- _Exercise_
For the records below, output word for word the lines from the one with "Osoby, które złożyły" up to and including the one with "Beautiful vintage necklace". No pictures.

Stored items
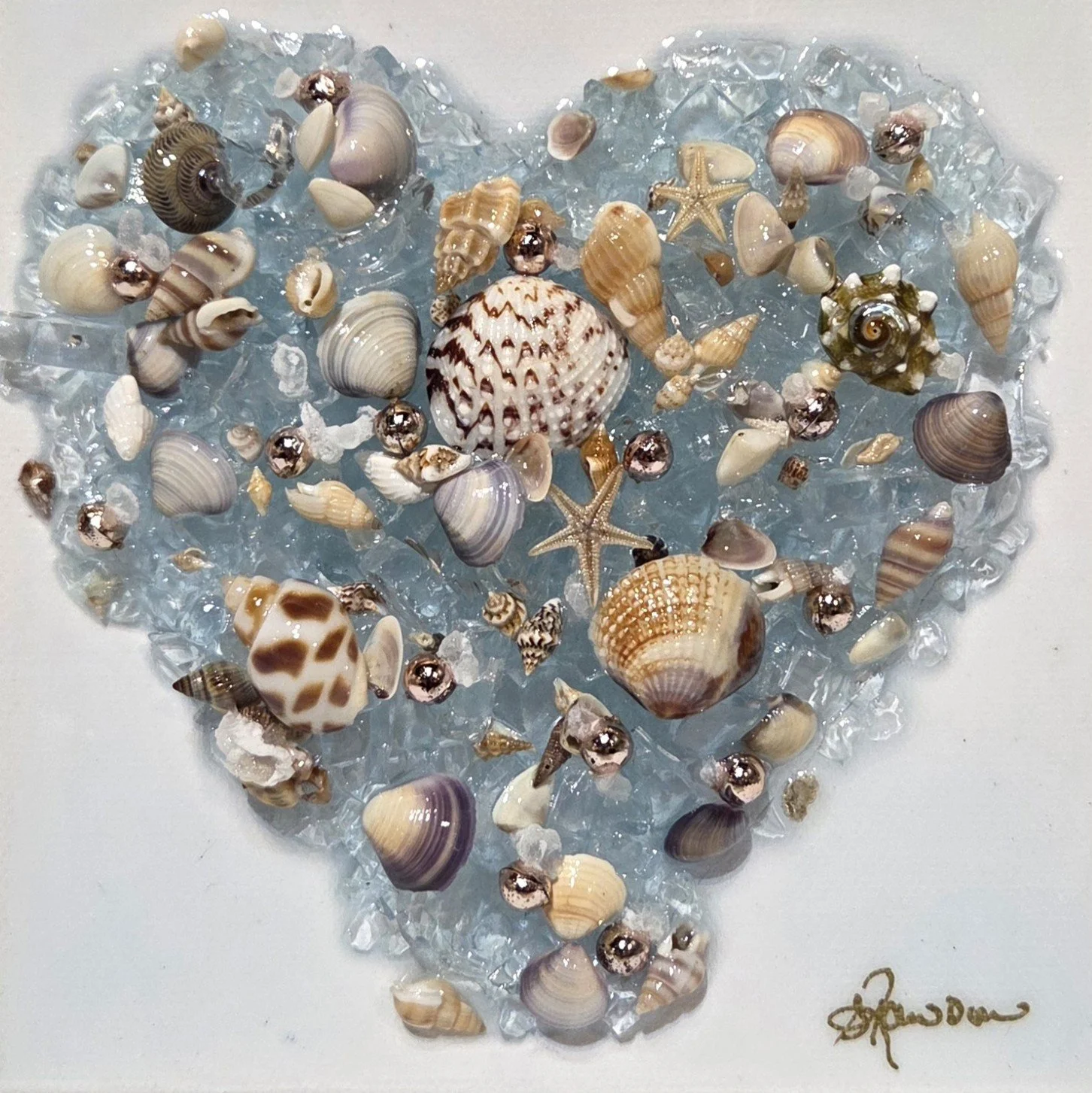 SHR272- Crystalline Heart with Gold and Pearl, 6x6, mixed media
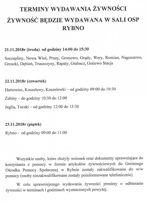 Osoby, które złożyły wniosek oraz dokumenty uprawniające do korzystania z pomocy w formie artykułów żywnościowych do Gminnego Ośrodka Pomocy Społecznej w Rybnie i zostały zakwalifikowane do w/w pomocy (osoby niezakwalifikowane zostały poinformowane telefonicznie).
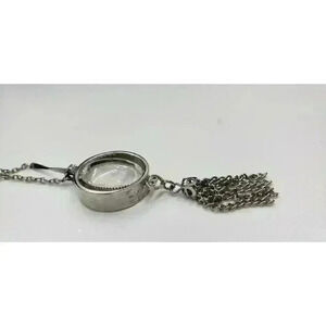 Beautiful vintage necklace from the 1970 is guaranteed to be noticed. This is a double chain meaning that it is one necklace however there are 2 chains, 1 shorter than the other. The longer chain is accented with a clear glass Reverse carved cameo. There is also a silver chain tasseled that hangs from the cameo
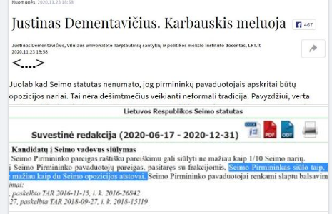 Straipsnyje skambiu pavadinimu „Karbauskis meluoja” bandoma skaitytojui melagingai įteigti, kad R. Karbauskio pareiškimai apie ribojamas opozicijos teises pagrindo neturi. Tuo tikslu meluojama net dėl Statuto turinio.
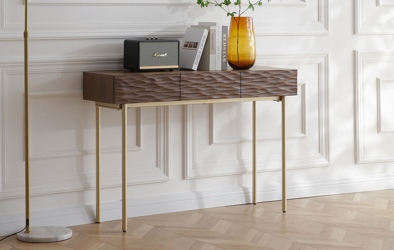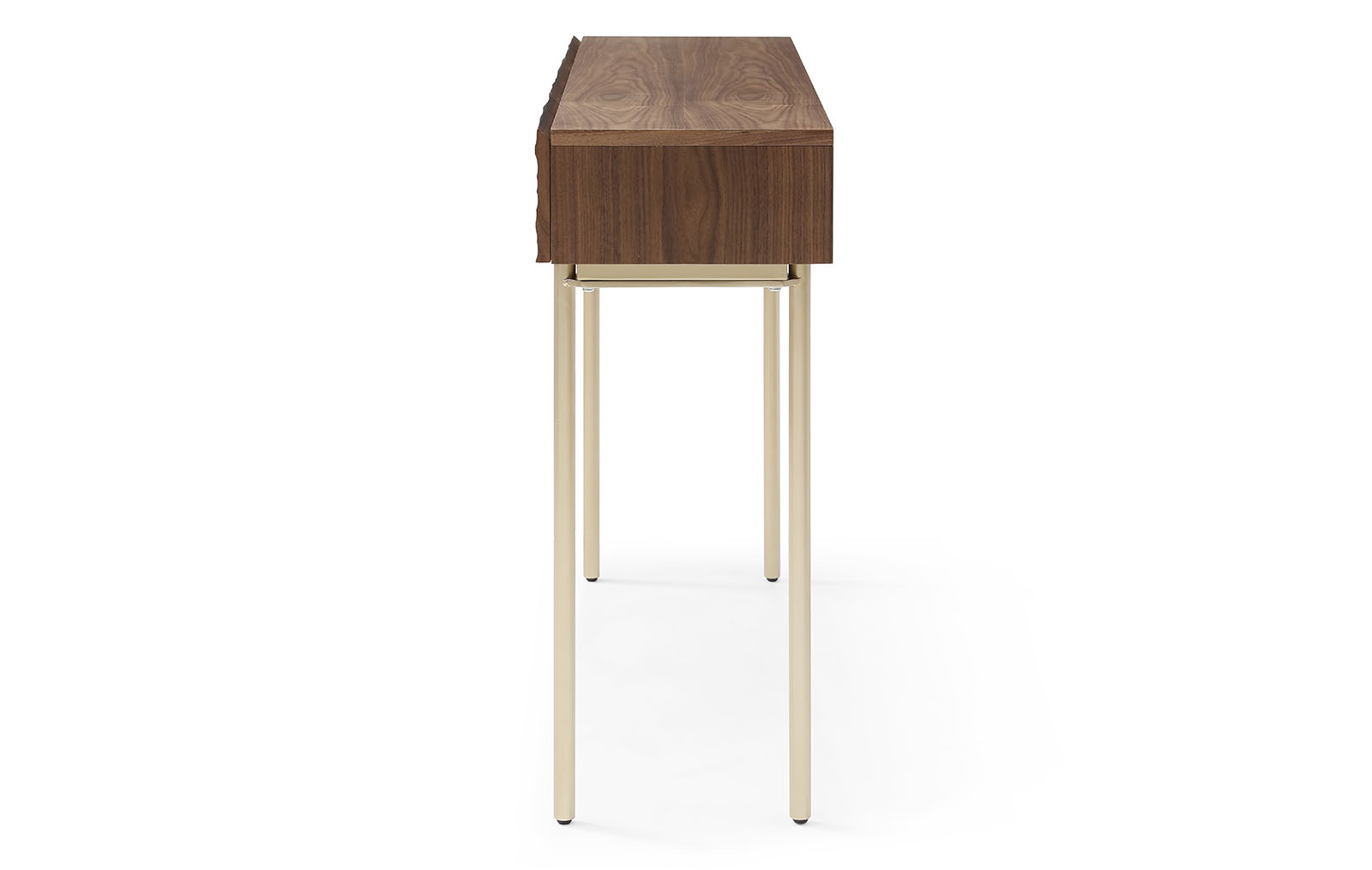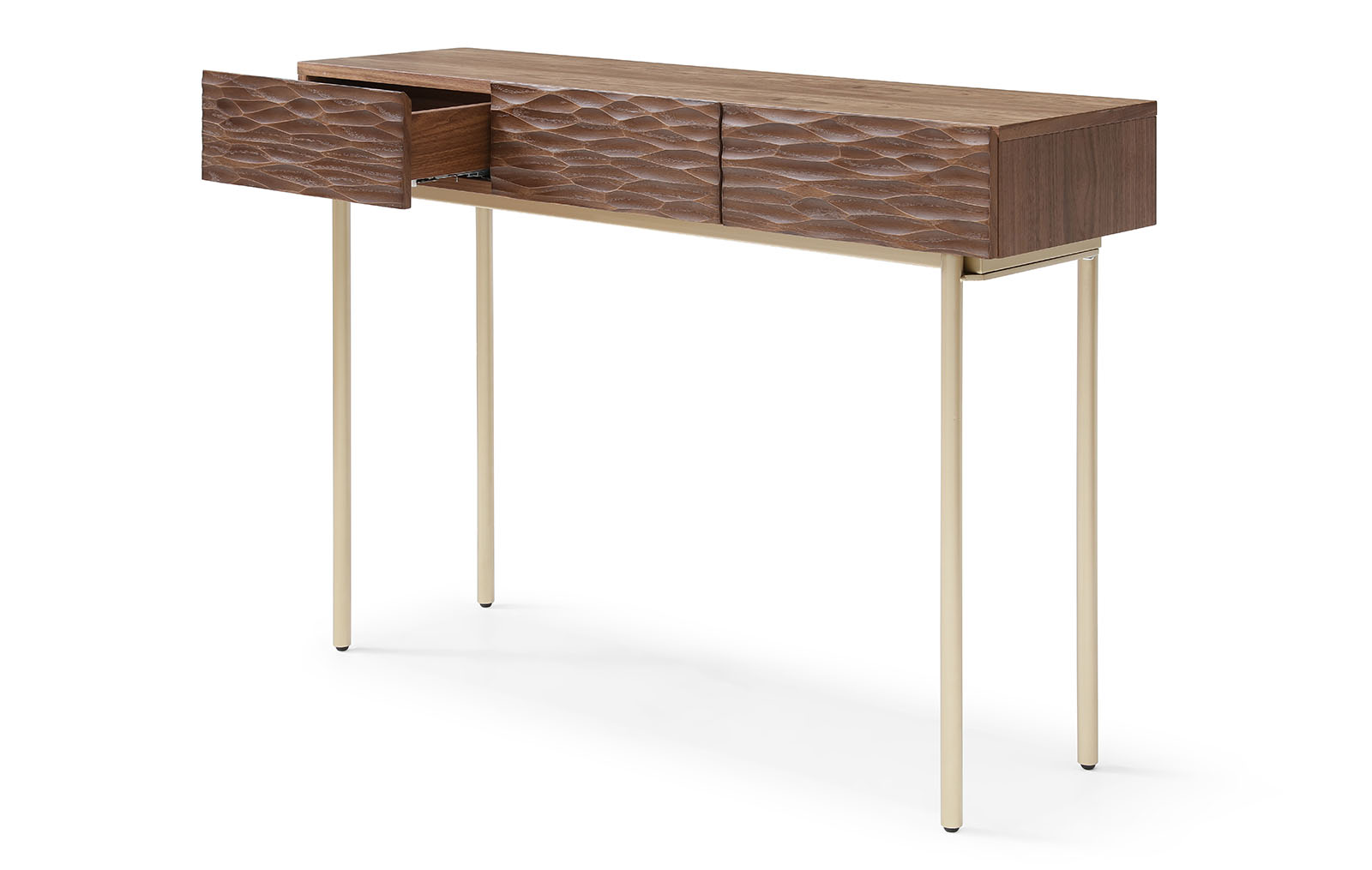 Столешница консоли выполнена из MDF в натуральном шпоне ореха и декорирована фактурными фасадами.

- _Output of the exercise_
 Osoby, które złożyły wniosek oraz dokumenty uprawniające do korzystania z pomocy w formie artykułów żywnościowych do Gminnego Ośrodka Pomocy Społecznej w Rybnie i zostały zakwalifikowane do w/w pomocy (osoby niezakwalifikowane zostały poinformowane telefonicznie).
 Beautiful vintage necklace from the 1970 is guaranteed to be noticed. This is a double chain meaning that it is one necklace however there are 2 chains, 1 shorter than the other. The longer chain is accented with a clear glass Reverse carved cameo. There is also a silver chain tasseled that hangs from the cameo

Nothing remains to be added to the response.